When viewed from the shelter at its entrance, the driving range was bordered on the

right side by a fence sixty or seventy yards in length. Consisting of a low screen

barrier approximately six feet high topped by netting, the fence separated the driving

range from an asphalt parking lot, although about a third of the parking lot extended

beyond the end of the fence. A narrow strip of grass lay between the fence and the

parking lot.

The group traveled to the driving range in two golf carts, with defendant

Hendricks driving Michael Taylor in one cart and Taylor Keith driving plaintiff in

the other. Defendant Hendricks parked his cart in the parking lot just behind the far

end of the fence. The cart faced the fence, such that it would have run into the fence

had defendant Hendricks continued driving forward. Keith parked plaintiff’s cart in

the parking lot to the right of defendant Hendricks’s cart and past the end of the

fence, such that plaintiff’s cart would have run onto the range if he had not stopped.

Group members differed over whether Keith parked plaintiff’s cart entirely on

the parking lot’s asphalt surface. Defendant Hendricks and Taylor testified later that

all four of the cart’s tires were on the asphalt. Keith remembered that most of the

cart was parked on the asphalt, but he thought that the front two tires might have

been on the grass in front of the asphalt and thus closer to the fence line.1 Joshua

1 In this opinion, the term “fence line” refers to the imaginary line that began at the

end of the fence and ran between the driving range and the portion of the parking lot that extended past the fence.

-3- MOSELEY V. HENDRICKS

Morrison—another golfer at the driving range that day—observed Keith park the cart

and estimated that “about 75 percent of [plaintiff’s] golf cart was on the driving

range.”

Plaintiff paid little attention to his surroundings. He did not notice where

Keith had parked in relation to defendant Hendrick’s cart. According to Taylor,

plaintiff was “either on his phone” or “twiddling with something” as the three men

departed for the tee-off area. Taylor’s recollection matched that of plaintiff, who

remembered sitting in the cart for several minutes texting his wife. Intoxicated and

focused on his phone, plaintiff did not even realize that his companions had left. He

also did not recall whether he looked up from texting at any point and observed the

other group members on the driving range.

Defendant Hendricks, Taylor, and Keith did not walk through the parking lot

and behind the fence to reach the tee-off area. They instead walked around the end

of the fence and made their way along the driving range side of the fence.

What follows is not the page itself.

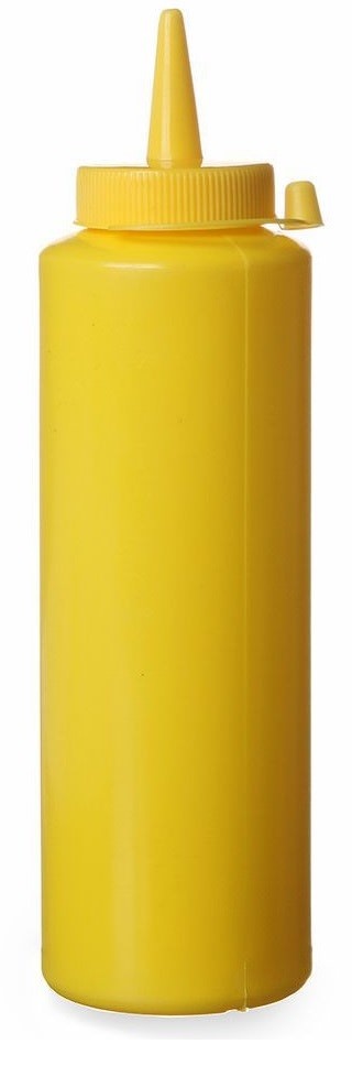 Wykonany z trwałych i bezpiecznych materiałów – korpus z PET umożliwia szybką kontrolę poziomu zawartości, a zakrętka z polipropylenu (PP) w kolorze żółtym pozwala na łatwą identyfikację zawartości (np. musztardy). Smukły kształt i niewielka średnica ułatwiają ustawienie wielu dozowników obok siebie, a ergonomiczna konstrukcja zapewnia wygodne użytkowanie nawet w intensywnych warunkach pracy.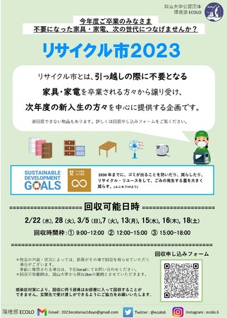 国立大学法人岡山大学(本部:岡山市北区、学長:槇野博史)の公認団体である環境部ECOLOが今年度も「リサイクル市2023」を開催します。

The tee-off area had been moved forward thirty or forty yards. Consequently,

it was only about thirty yards from the end of the fence.

Upon reaching the tee-off area, defendant Hendricks prepared to hit off the

practice tee. He testified later that he first looked downrange to make sure no one

was in his “target line.” Seeing no one in front of him on the range, defendant

Hendricks looked down at the ball, adjusted his position, raised his club, and hit the

ball, keeping his “head down like [he had] always been taught since high school golf.”

-4- MOSELEY V. HENDRICKS

Defendant Hendricks had intended to hit the ball straight forward, but it veered to

the right toward the end of the fence.

Although he did not watch the ball in the air, defendant Hendricks heard it hit

something. Looking up, he saw plaintiff’s cart on the range and plaintiff sitting in the

cart on the passenger side. Defendant Hendricks’s golf ball had struck plaintiff in the

eye.

When defendant Hendricks took his shot, Keith was standing behind him, and

Taylor was walking toward him. Neither Keith nor Taylor looked downrange before

defendant Hendricks hit the ball. According to his deposition testimony, however,

Keith watched the ball fly through the air and strike plaintiff. Taylor did not see the

ball hit plaintiff, but he turned and observed plaintiff immediately after he was

struck. Defendant Hendricks, Keith, and Taylor rushed over to assist plaintiff.

Joshua Morrison was in the tee-off area when defendant Hendricks hit the ball.

He estimated that plaintiff’s cart had been sitting stationary for approximately one-

and-a-half minutes when the ball struck plaintiff.